I recently designed my third shade garden on as many properties. As my fascination with shade plants grows, I continually look for more variety beyond the plants commonly available in local nurseries. Don’t get me wrong, I don’t dismiss or ignore the ordinary. The foundation of all my gardens is built on established tried-and-true plants. They are considered “common” because, over time, they’ve proven themselves in durability and reliability. My beds all start with a structure built on these old reliables, but then I sprinkle in novel and exotic options that excite my inner, unabashed plant geek. The following are plants that you might not be familiar with but that I’ve found are perfect for adding something out of the ordinary to your shady spots.

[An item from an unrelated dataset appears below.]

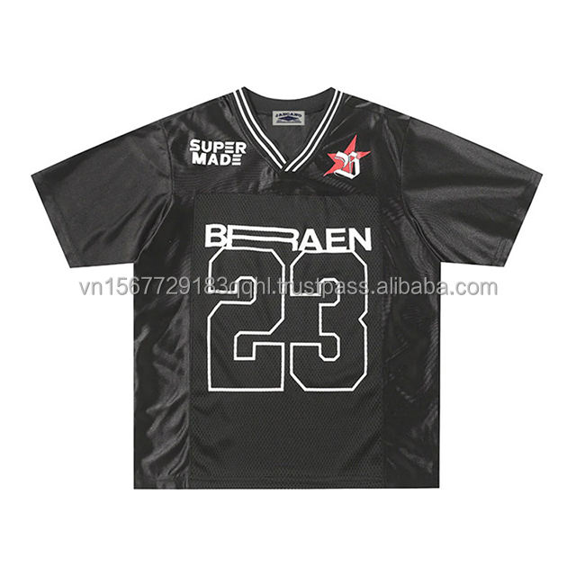 เสื้อกีฬาย้อนยุคแบบกำหนดเอง แขนสั้น ทรงหลวม แฟชั่นทันสมัยสำหรับทุกเพศ รุ่นแฟนคลับแบรนด์ดัง

Exotic-Looking Stems and Flowers
‘Night Heron’ fairy bells (Disporum longistylum ‘Night Heron’ )
Fairy bells are the lesser-known and underutilized cousins to Solomon’s seal (Polygonatum spp. and cvs., Zones 3–8). I find most have a more delicate and open-branched structure that makes them airier than their thicker-stemmed, broader-foliaged relatives. Downward-turning, yellow or white, bell-shaped flowers earned them their common name.
‘Night Heron’ is one of the tallest forms with arching, bamboolike dark stems adorned with narrow leaves that emerge dark purple in spring and turn green with summer’s warmth. Purple spring foliage and stems reminiscent of the dark plumage colors of the black-crowned night heron allegedly inspired the name of this cultivar. Racemes of small, bell-shaped white flowers tinged in green emerge from the leaf axils in spring and develop into purple-black berries in late summer.
USDA Hardiness Zones: 5 to 9
Size: 30 inches tall and 12 to 18 inches wide
Conditions: Partial to full shade; rich, moist, well-drained soil
Beautiful Summer Flowers Paired with Awesome Fall Color
Indian physic (Porteranthus trifoliatus syn. Gillenia trifoliata)
It is amazing this native of the northeastern United States and Canada has not garnered more attention. To me, it’s a perennial that wants to mimic a shrub when mature. I adore its wiry red stems massed with delicate, star-shaped white flowers. They flutter and float so delicately they look like tiny butterflies. The white blooms sparkle in lightly shaded areas where dark-flowered plants otherwise fade into the background. As lovely as Indian physic is during late spring and early summer when flowering, it also dresses up for fall. I value the olive-green leaflets changing to red in autumn paired with the dark stalks still holding red calyxes from the spring flowers. The texture is fine enough and scaled appropriately to make a lovely foil against bold-foliaged giant hostas.
Zones: 4 to 8
Size: 2 to 4 feet tall and 18 to 36 inches wide
Conditions: Full sun to partial shade, well-drained soil
Unusual Leaves but Even more Unusual Flowers
‘Shell Shocked’ panda wild ginger (Asarum maximum ‘Shell Shocked’)
One definition of plant geek might be, a person who looks beyond the incredible foliage of perennial gingers and starts selecting new ones based on their alien-looking, odd flowers you must lie on the ground to see. A definition of an optimist could be my purchasing a Zone 7 ginger and planting it in my Zone 5 garden. And, the definition of ecstasy is my joy of ‘Shell Shocked’ surviving two winters in Wisconsin.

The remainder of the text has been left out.